December 28, 2006
FIRST REGIME CHANGE, THEN ELECTIONS, THEN PEACE:
Assad’s Olive Branch Can Bear No Fruit (Ammar Abdulhamid, Dec 29, 2006, The Forward)
According to an article in Time magazine this month, I am the central figure in some cockamamie plot to overthrow the Syrian government. The plan, apparently, is to undermine Bashar al-Assad’s regime through the ballot box, starting with the parliamentary elections scheduled for March 2007.But as every Syrian knows, these elections tend to be quite staged and inconsequential. Perhaps the American officials who concocted the classified plan for regime change believed they could make it appear more credible by assigning a primary role to a dissident like myself. No one, however, could exude the kind of aura needed to cover the naiveté of the proposed scheme.

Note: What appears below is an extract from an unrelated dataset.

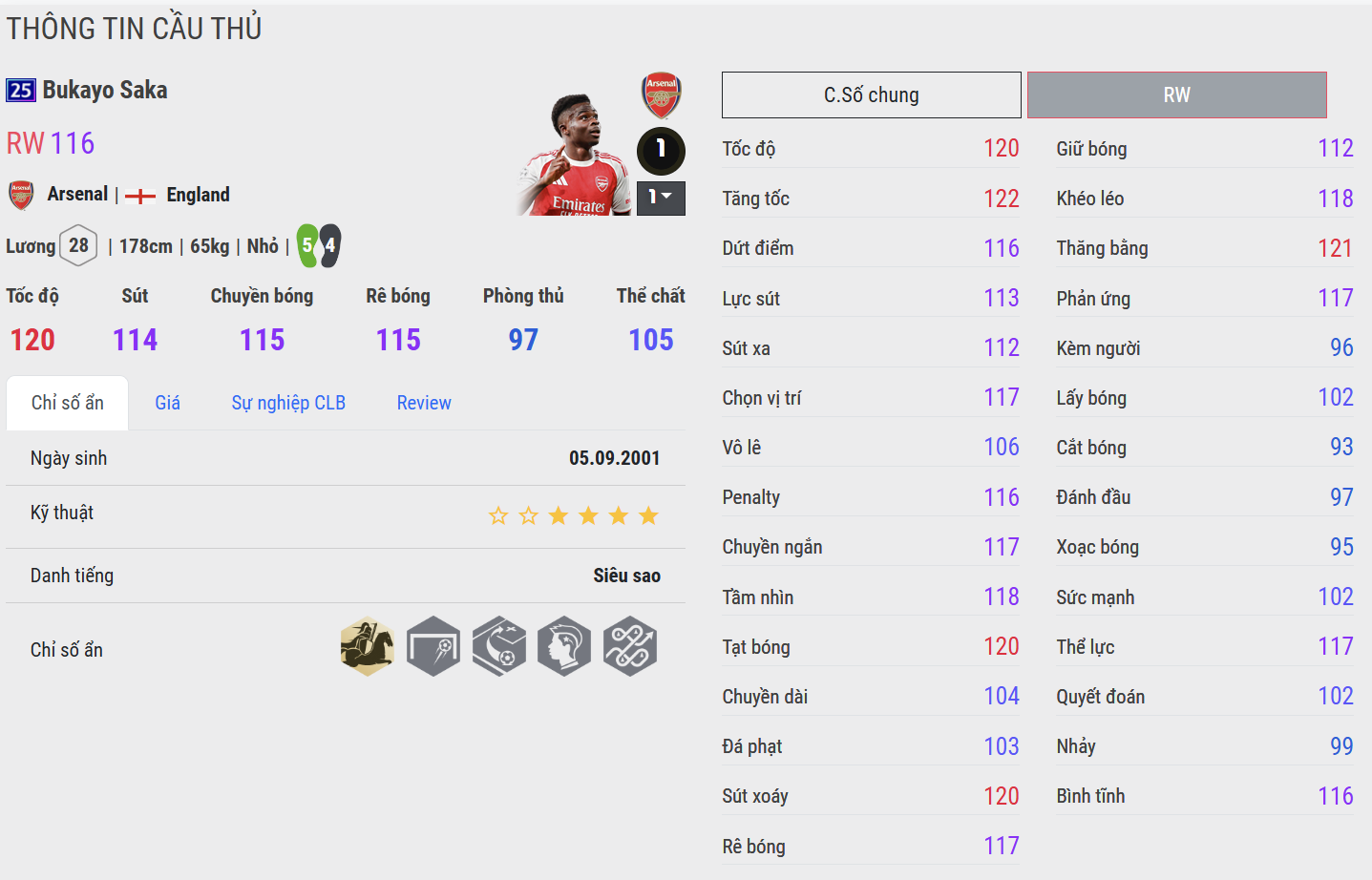 Bukayo Saka 25UCL là mẫu cầu thủ chạy cánh rất toàn diện. Anh sở hữu tốc độ tốt, khả năng rê bóng chắc chắn và những pha xử lý bóng khá ổn định trong thực chiến. Ngoài khả năng đột phá, Saka còn có thể tung ra những đường chuyền nguy hiểm hoặc tự mình dứt điểm khi có khoảng trống, giúp anh trở thành mũi tấn công rất đáng tin cậy ở hành lang phải.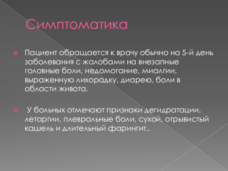 У больных отмечают признаки дегидратации, летаргии, плевральные боли, сухой, отрывистый кашель и длительный фарингит..

If nothing else, this half-baked plot exposes how much the United States is struggling to develop a coherent policy toward Syria. Washington is clearly unable to grasp the reality on the ground, both in Syria and across the Middle East — and nowhere is this disconnect more visible than in the naive insistence, by the Iraq Study Group and others, on linking progress in Iraq to the revival of Syrian-Israeli peace talks.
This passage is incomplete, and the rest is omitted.